2. The self-deployable apparatus according to claim 1, wherein the number of the coreless motors (3) is four, and four coreless motors (3) are connected to the central connection member (1).

3. The autonomous deployment device according to claim 1, characterized in that the drive control section of the autonomous deployment device is composed of a coreless motor (3), a motor screw (4), and a screw nut (22); the hollow cup motor (3) receives the control signal to rotate, and drives the motor lead screw (4) to move forward to drive the lead screw nut (22) to move; the screw nut (22) drives the central rotor (10) to do rotary motion, and the movable rod piece (11), the triangular connecting piece (14) and the outer sleeve (15) connected with the machine arm (16) drive the machine arm (16) to do unfolding rotary motion around the straight connecting rotating shaft (12) until the machine arm (16) is completely unfolded.

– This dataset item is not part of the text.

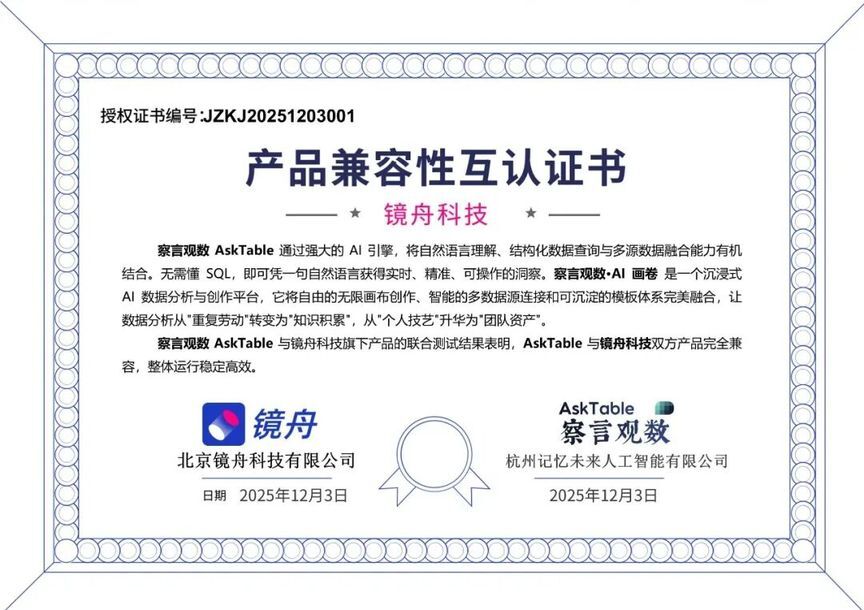 镜舟科技与察言观数(AskTable)完成产品兼容互认,携手开启智能数据分析新篇章

4. Autonomous deployment device according to claim 3, characterized in that the horn sleeve (13) pushes the locking nut (8) during the deployment rotation, releasing the locking nut (8) after leaving the highest point of the sleeve blocking catch (26), at which the deployment is completed.

5. The autonomous deployment device according to claim 4, characterized in that, when the foldable rotor drone is autonomously deployed, the coreless motor (3) stops working, the locking nut (8) limits the reverse movement of the arms under the thrust of the bolt spring, locking the fixed arms.